Year 2
The past year has seen excellent progress across all of our Specific Aims. Specifically:
i) We have made the first, to our knowledge, quantitative measurements of intercellular mechanical force transmission between human embryonic stem cells (hESCs). This powerful technology has the capacity to transform our understanding of the molecular and physical underpinnings of tissue and organ morphogenesis.
ii) We identified probable proteins that control stem cell proliferation and pluripotency maintenance. We used a high-throughput proteomics strategy to identify proteins that are likely to regulate the localization and activity of transcription factors that regulate cell proliferation specifically in hESCs. This experiment revealed both previously known and novel players in this complex signaling network. Excitingly, newly identified proteins suggest the presence of uninvestigated mechanically activated signaling pathways in hESCs.

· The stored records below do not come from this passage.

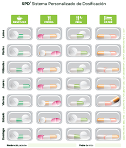 El SPD se basa en el reacondicionamiento de medicamentos en un sistema cerrado herméticamente en el que se incluyen todos los medicamentos orales que el paciente necesita tomar a una hora determina. El acondicionamiento primario se separa del medicamento para ser reacondicionado en un nuevo dispositivo o blister con todos los medicamentos que debe tomar el paciente.
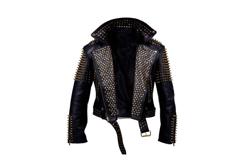 Men's Golden Studs Jacket, Personalized Waist Belted Punk Jacket, Lapel Collar, Pure Leather Spiked Fashion Jacket, Motorbike Jacket,
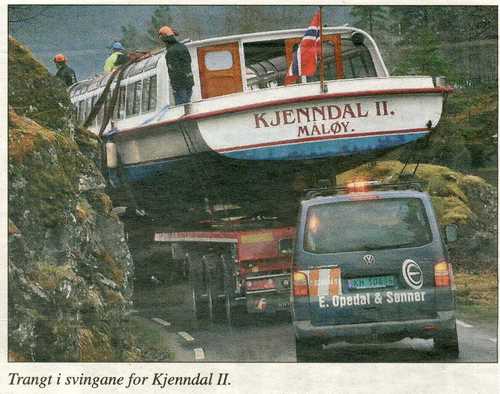 Det var Kjenndalsstova som kjøpte båten med 49 passasjerplassar i 2007, og i sommar vart han erstatta med ein hollandsk kanalbåt med plass til 140 passasjerer. Jan Ove Hogrenning har halde "gamlebåten" godt i hevd, og torsdag kveld var det eit stort apparat i sving for å få båten på ein semitrailer med kurs for Østerdalen.
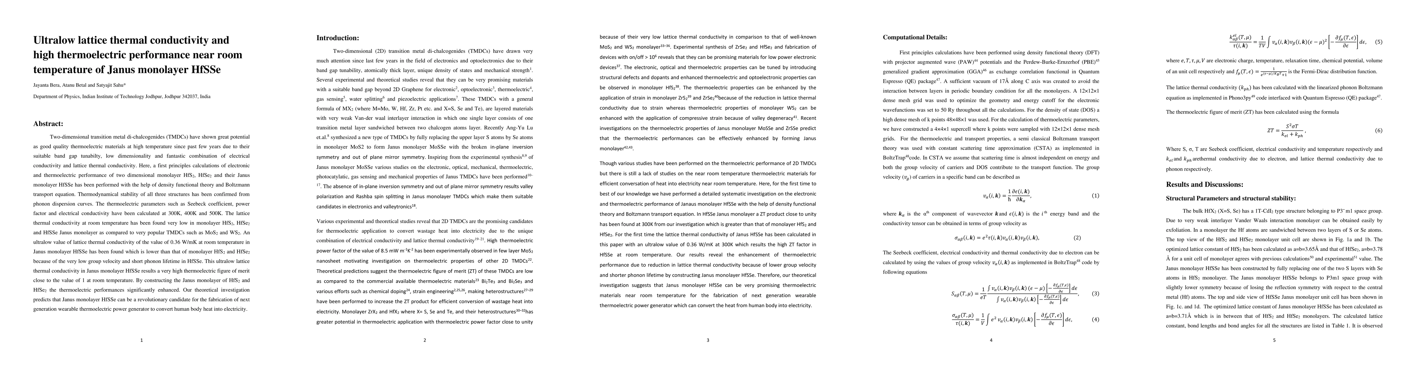 Two-dimensional transition metal di-chalcogenides (TMDCs) have shown great potential as good quality thermoelectric materials at high temperature since past few years due to their suitable band gap tunabilty, low dimensionality and fantastic combination of electrical conductivity and lattice thermal conductivity. Here, a first principles calculations of electronic and thermoelectric performance of two dimensional monolayer HfS 2 , HfSe 2 and their Janus monolayer HfSSe has been performed with the help of density functional theory and Boltzmann transport equation. Thermodynamical stability of all three structures has been confirmed from phonon dispersion curves. The thermoelectric parameters such as Seebeck coefficient, power factor and electrical conductivity have been calculated at 300K, 400K and 500K. The lattice thermal conductivity at room temperature has been found very low in monolayer HfS 2 , HfSe 2 and HfSSe Janus monolayer as compared to very popular TMDCs such as MoS 2 and WS 2 . An ultralow value of lattice thermal conductivity of the value of 0.36 W/mK at room temperature in Janus monolayer HfSSe has been found which is lower than that of monolayer HfS 2 and HfSe 2 because of the very low group velocity and short phonon lifetime in HfSSe. This ultralow lattice thermal conductivity in Janus monolayer HfSSe results a very high thermoelectric figure of merit close to the value of 1 at room temperature. By constructing the Janus monolayer of HfS 2 and HfSe 2 the thermoelectric performances significantly enhanced. Our theoretical investigation predicts that Janus monolayer HfSSe can be a revolutionary candidate for the fabrication of next generation wearable thermoelectric power generator to convert human body heat into electricity.

iii) We created tunable stiffness substrates for hESC culture with completely defined molecular composition. This tool is required to recreate the physical environment of the early embryo, and is expected to be critical discovering the molecular pathways that underlie mechanically directed hESC differentiation.
iv) We found that the expression levels and conformation of a specific protein that regulates cell-cell adhesion influence hESC colony morphology and adhesiveness. Separate, non-CIRM funded research in the Dunn lab showed that this same protein is likely a master mechanosensor at cell-cell junctions (Buckley et al. Science 2014). Together, these data hint at an underlying molecular mechanism that may direct the formation and shape of living tissues.